I feel that I need to do a little clarification, because I feel that we are talking about vastly different things due to our different usage of the word broken. For me, broken is not the same as overpowered. Overpowered means that a card or strategy is so strong that it cannot be countered, or if it can, is so difficult to do that most of the time is not worth the effort. Broken is when a card 'cracks' the overall state of the game, by making things too fast, too slow, too volatile, too strategy-less etc. to the point where it makes the game itself less stable. I class DCE as a broken card because it one of the causes for the pacing of the game not allowing anything that requires time to function (except Primal Groudon, but only because of Omega Barrier), however, DCE is not an overpowered card due to its many many counters and drawbacks in Aegislash EX, Enhanced Hammers, Xerosic, Giratina-EX (if it ever takes off) etc. Due to how it speeds up pacing, it breaks the game by disallowing a mechanic that has been at the core of the game for quite some time, evolution, from functioning as it should, making it so that stage 2s (when played as stage 2s) aren't viable. Laser, Muscle Band and Strong Energy does the same, allowing us to output lots of damage too early into the game, but they have their counters so they too aren't overpowered.
Besides Stage 2s, we have seen a sharp decline in set up attacks being used. There's M Mane, M Sceptile, Virizion EX, and we
may see Volcarona AOR seeing play as well, but besides there we just don't have much that works. We are at the point where set up attacks are simply pushed out (note how those that work also have the ability to set up for 2HKOs) due to how important every attack you make is with the pacing of the game in its current state.
There aren't any overpowered cards in this format. Not M Rayquaza, not Toad, not Night March, not Primal Groudon, not anything a lot of people would like to suggest. There are really strong strategies, but none of those warrant banning or early rotations or anything along those lines because really, there isn't anything dominating the metagame (this even happens to be one of those years where a rogue came up top). It's a really fun format, one of the better ones I've seen so far.

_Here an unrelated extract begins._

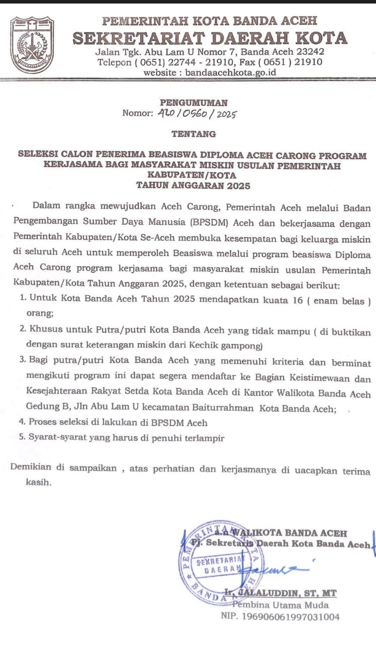 Banda Aceh –Pemerintah Kota Banda Aceh mulai membuka pendaftaran seleksi untuk calon penerima beasiswa diploma Aceh Carong program kerjasama bagi masyarakat miskin usulan kabupaten/kota tahun 2025.

As for Shiftry... I guess you can say I have something to say about it, but is not limited to just Shiftry but rather every donk strategy from the past to the formats to come. I'd like for the No Pokemon in Play win condition to be applied at the end of a player's turn rather than immediately like how the Deck Out win condition only applies at the start of your turn. Would give some hope to Unlimited. That's a different story, though.
There are however a number of broken cards in this format. They aren't too many that they 'shatter' the game (see Base Set era and the end of the DP era) and I'd like to keep it that way. It is however approaching that, which is my primary concern.
After playing this for more than a decade, I'm quite familiar with the routine of analyzing strategies and figuring out how to counter them. It's my favorite part of the game.
That and building decks that can, for lack of a better term, surprise people. Love combos too, just so long as they aren't too easy to pull off (half the fun of a combo is in the challenge, no?) and depending on how difficult it is to get the combo going, combos deserve to be strong. Otherwise, no one would play them.
I have a feeling I'm mistaken about the meaning of the words I just used (language barriers
). If I'm wrong, correct me, but doesn't "putting aside your feelings" means doing whatever you must to succeed?
Edit:
Also to those saying that DCE was here since forever, I was sort of curious about it, so a couple of days ago I went ahead and looked up the actual DCE reprints in Japan since Base Set 2 was English only.
1st DCE print: October 20 1996
2nd DCE print: October 9 2009
That's 13 whole years. The game hasn't even been around for 20.